For the 802.11b “solution” I was thinking:

  1. AP with Range Extenders or (probably better) APs in bridge mode. They would all have high gain antennas.
  2. AP/APs with inline amplifier. I am not so sure how well this would work. They are hyped to do a good job.
    I was looking at this:
    dlink.com/products/?sec=2&pid=396
    (check out the specs)
    along with this:
    dlink.com/products/?sec=2&pid=53

And then a 500mW amplifier. I am by no means a radio connoisseur, so I might not know what I’m talking about. Would I need a few of these? Is that too much power? Will it fry some brain cells? No clue …
Any other ideas?

BTW the phone we might go with is this:
voipsupply.com/product_info. … cts_id=802

BUMP!

I think the problems is the phones and not the Wifi.
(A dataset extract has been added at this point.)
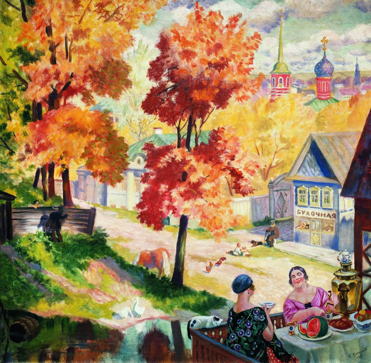 Купчихи в осеннем интерьере. Излюбленную тему Борис Кустодиев разбавил теплыми красками. Огненно-красные клены и желтеющий сад у провинциальных домиков делают осень особенно уютной. То самое бабье лето, которое на время примиряет с красивыми, но, увы, неизбежно облетающими листьями. В прозрачном воздухе витает аромат листвы, арбуза и свежего хлеба из маленькой булочной. И уж, конечно, никакая осень не страшна, если поблизости кот. Вкупе с самоваром.
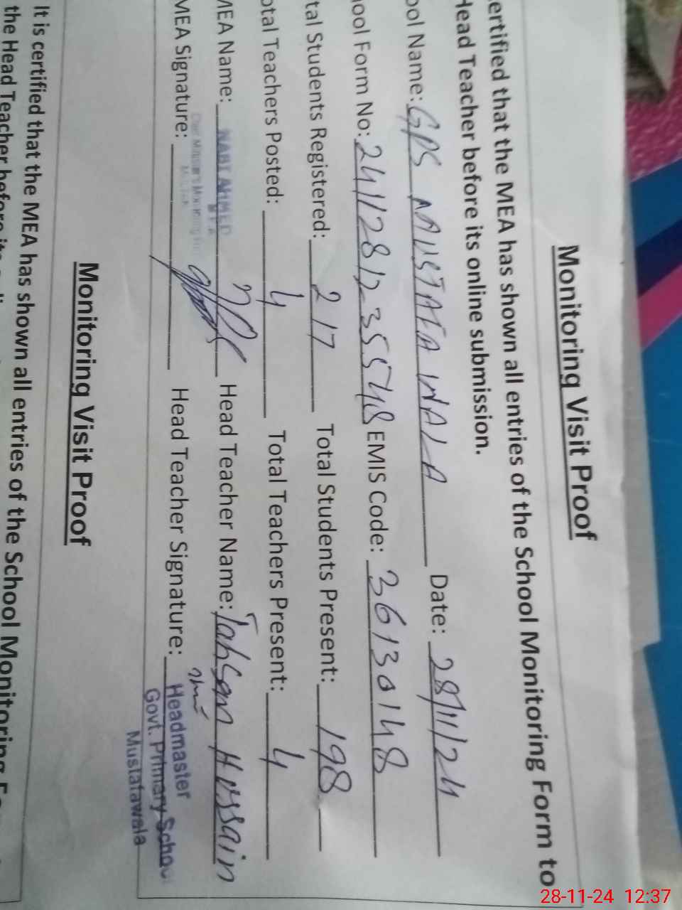 | EMIS Code: 36130148 | Name of School: GPS MUSTAFA WALA | |||

AS far as ap,s I would look at proxim we use these in our WISP and have had good luck with them. Good amps along with a good higain antenna can make all the difference in the world when it come to coverage. Placemnt is critical as to not cause interference with each other. Forget about the dlink and similiar these are good for the living room in your house but not for what you are wanting to do.